SiegendesLicht said:


> I think he is driven by the survival instinct, the sheer desire to prolong his existence even as a voice from the grave, whatever it may cost to others. Sort of strange for someone who believes in a Savior and the bliss of afterlife.
> 
> Hagen is intensely creepy: half dwarf half human, bred in a loveless act with the express purpose of being Alberich's stronger right arm in his plans of revenge, the man who never laughs.


No disagreement about Hagen. That scene of his conversation with Alberich is one of the darkest, spookiest things in opera - yet somehow sad as well, as Hagen is, as he says, never happy: he is spiritually empty. Wagner's villains are never superficial, never perfectly obvious and straightforward. But I think Titurel, with his alter ego Klingsor, is the subtlest portrait of depravity Wagner ever created.
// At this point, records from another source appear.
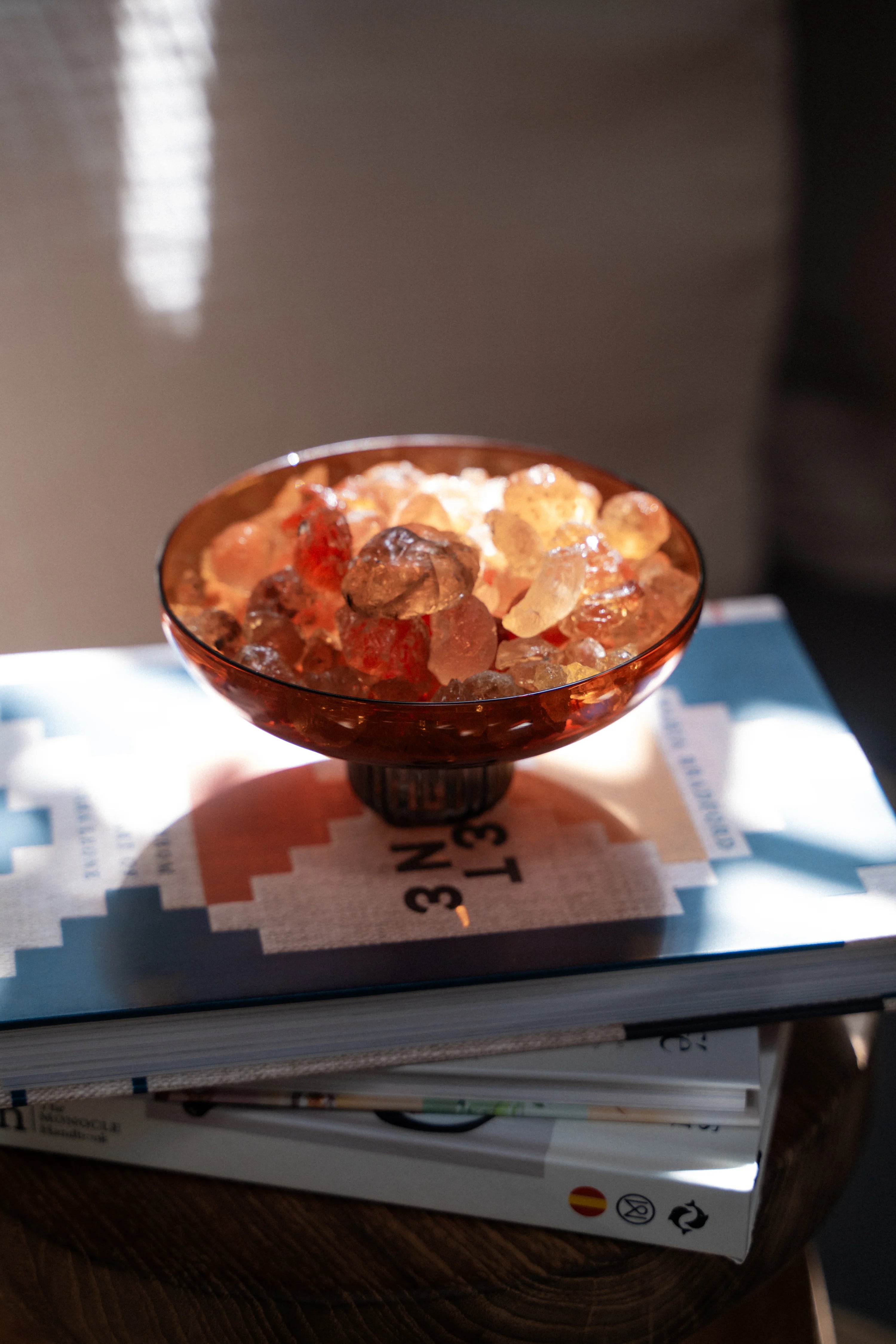Akin to an exquisite jewellery box, it is confined within a dark amber-hued glass bowl with a smoke-hued glass base. The bowl is filled with natural tree sap ambers cueing precious gemstones.
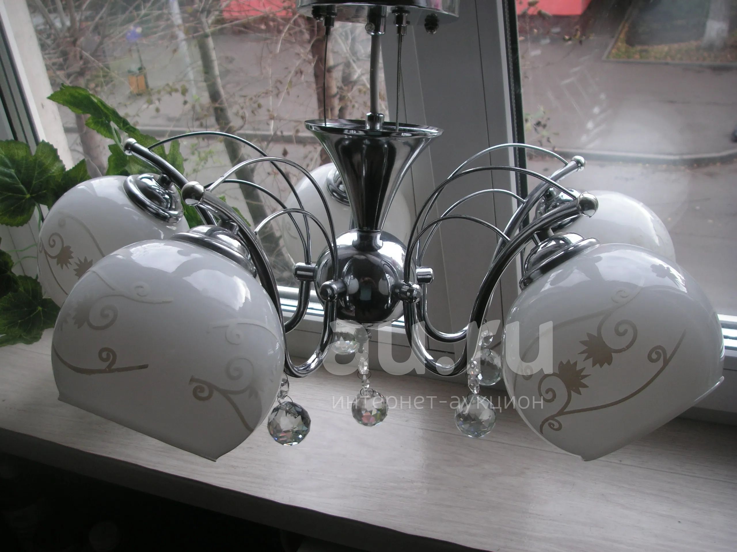 Люстра 5 плафонов, хрустальные подвески.
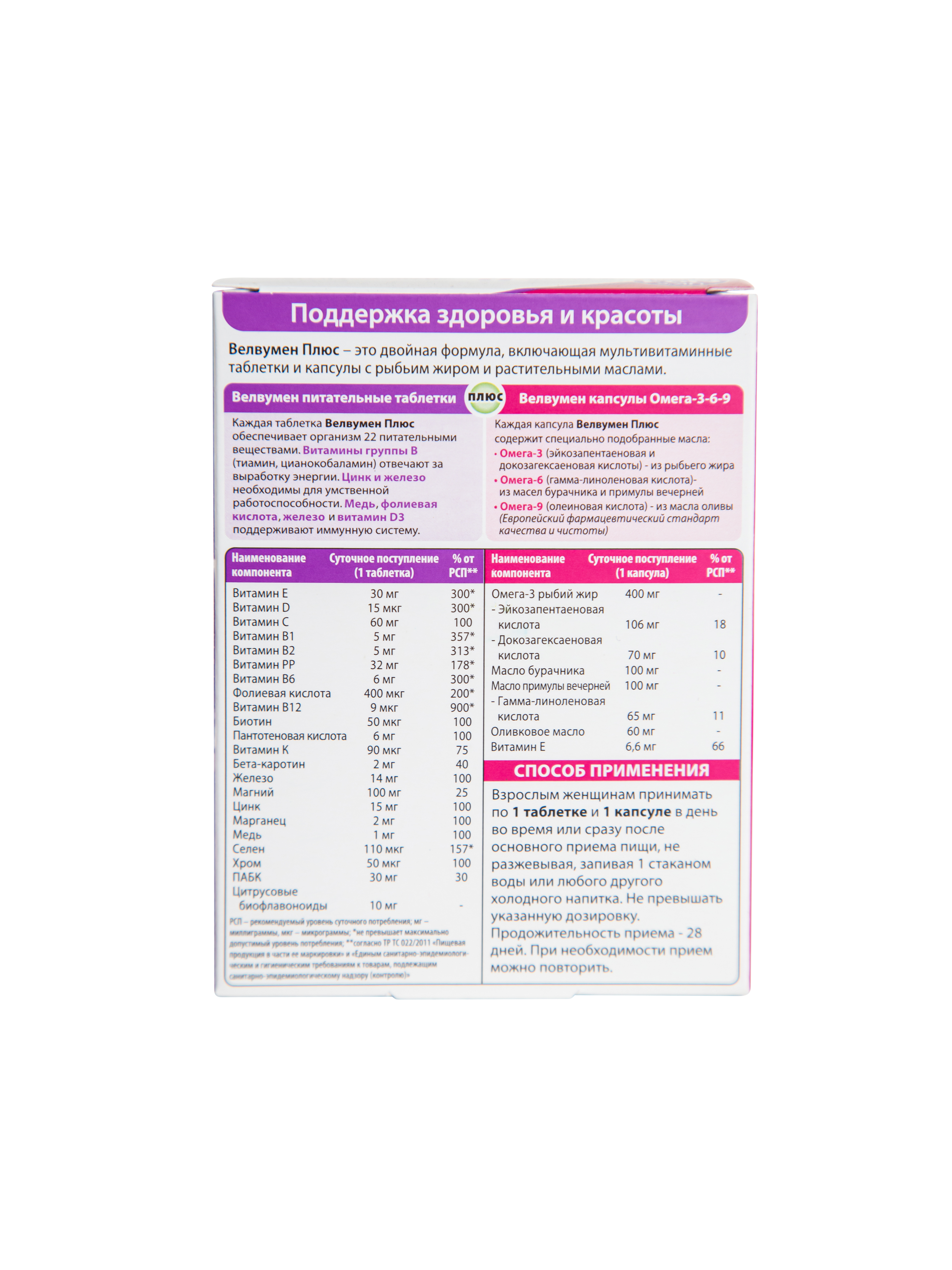 Состав:Витамин E: 30 мгВитамин D: 15 мкгВитамин C: 60 мгВитамин B1: 5 мгВитамин B2: 5 мгВитамин PP: 32 мгВитамин B6: 6 мгВитамин B12: 9 мкгБиотин: 50 мкгПантотеновая кислота: 6 мгБета- каротин: 2 мгЖелезо: 14 мгМагний: 100 мгЦинк: 15 мгМарганец: 2 мгМедь:

Titurel's followers all hold him up as a saint - their "holy hero" - and he may have begun his career with the best of intentions, but our little glimpse of him, like our glimpses of so many real-life religious leaders, has to make us very uncomfortable. Titurel was given the privilege of protecting the Grail, the vessel that literally gives life to those who behold it. But the history of religion shows that human beings cannot be trusted with the power to define and dispense holiness, and that that power, like all power but more insidiously and hypocritically than mere physical domination, corrupts those who imagine themselves worthy to wield it.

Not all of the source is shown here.